Children of toxic parents should be self-aware and protect their own kids from unhealthy environments. (Photo via Getty Images)
Children of toxic parents should be self-aware and protect their own kids from unhealthy environments. (Photo via Getty Images)

It's also important for children of toxic parents to protect their own kids from unhealthy environments. This might mean limiting or eliminating contact with your toxic parents, or only allowing your children to visit them while you are present.

Protecting your children from a toxic parent requires you to be especially self-aware. Public Health Agency of Canada statistics show that around 34 per cent of Canadian children under the age of 15 have experienced some kind of maltreatment.

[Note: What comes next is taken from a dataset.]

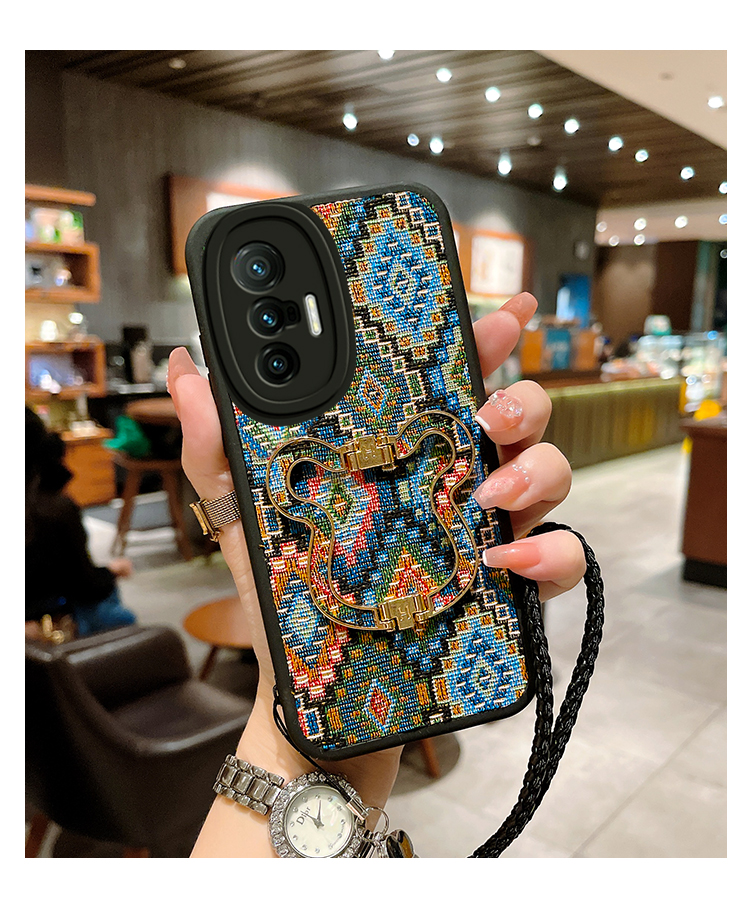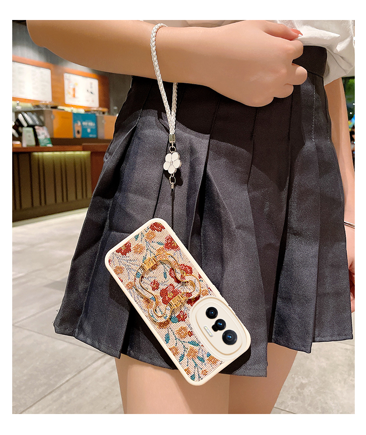 刺繡菱格花朵適用vivox70手機殼vivox80Pro十保護套支架vivix90硅膠X60軟殼X50全包防摔x30復古x27情侶x23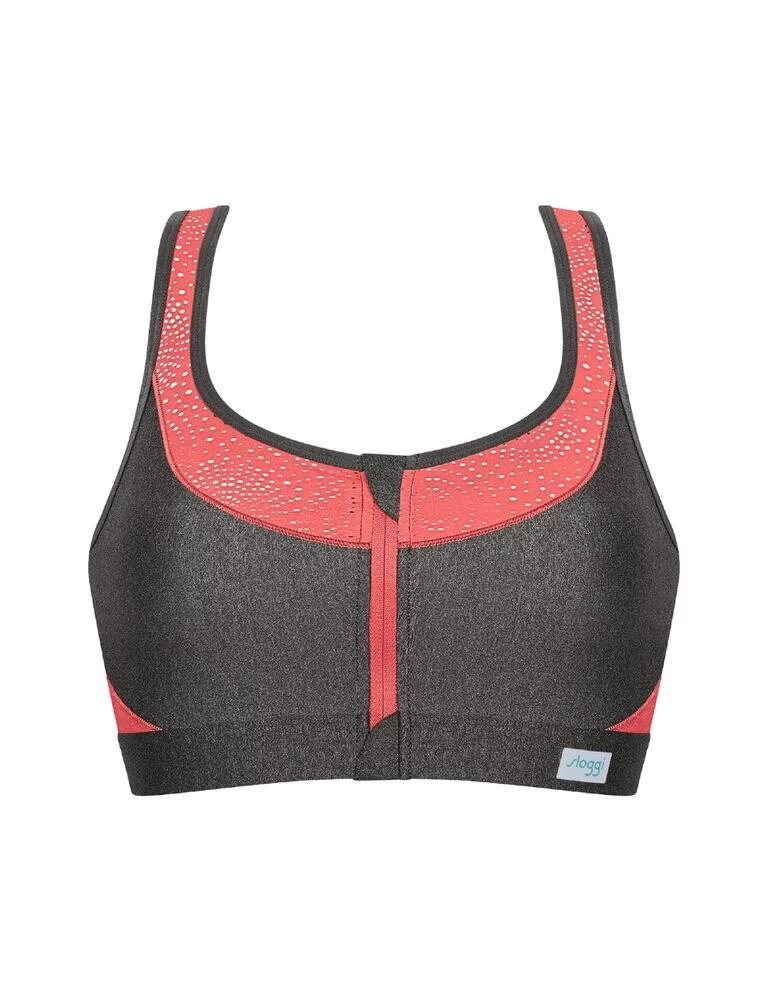 The Sloggi Move Fly range features practical designs fused with innovative fabrics. Designed with HeiQ SmartTemp thermoregulation technology which is combined with highly breathable jacquard fabric, providing ultimate comfort during your work-outs. Featuring non-padded and non-wired cups with a mesh lining and zip closure to the front. The Bi-stretchability within the fabric allows for excellent freedom of movement whilst the high-kick back keeps you supported and comfortable. This sports bra is perfect for those living an active life.

Unfortunately, some abused children will become abusive parents, but this cycle isn't inevitable. You can monitor your own parenting to ensure that you aren't mirroring the treatment you received as a child, and seek support if you are struggling.

Adults outside the home should also be aware of the signs of toxic parenting. If you recognize that a child is struggling, you can offer support by:

  • Offering emotional support and be willing to listen

  • Explaining that the child is not at fault for the parent's toxic behaviour

  • Remaining calm and creating a safe space

  • Asking open, non-invasive questions to learn more about the situation

If you feel the child is in an especially dangerous or harmful situation, you can contact relevant groups and agencies to make a report or receive guidance on how to help.

Where can people with toxic parents find help?

As an adult, you can look for a counsellor or therapist to help you work through the effects of your toxic relationship with your parent. Children can also reach out to resources like the Kids Help Phone (1-800-668-6868) where they can receive e-mental health services 24 hours a day, seven days a week.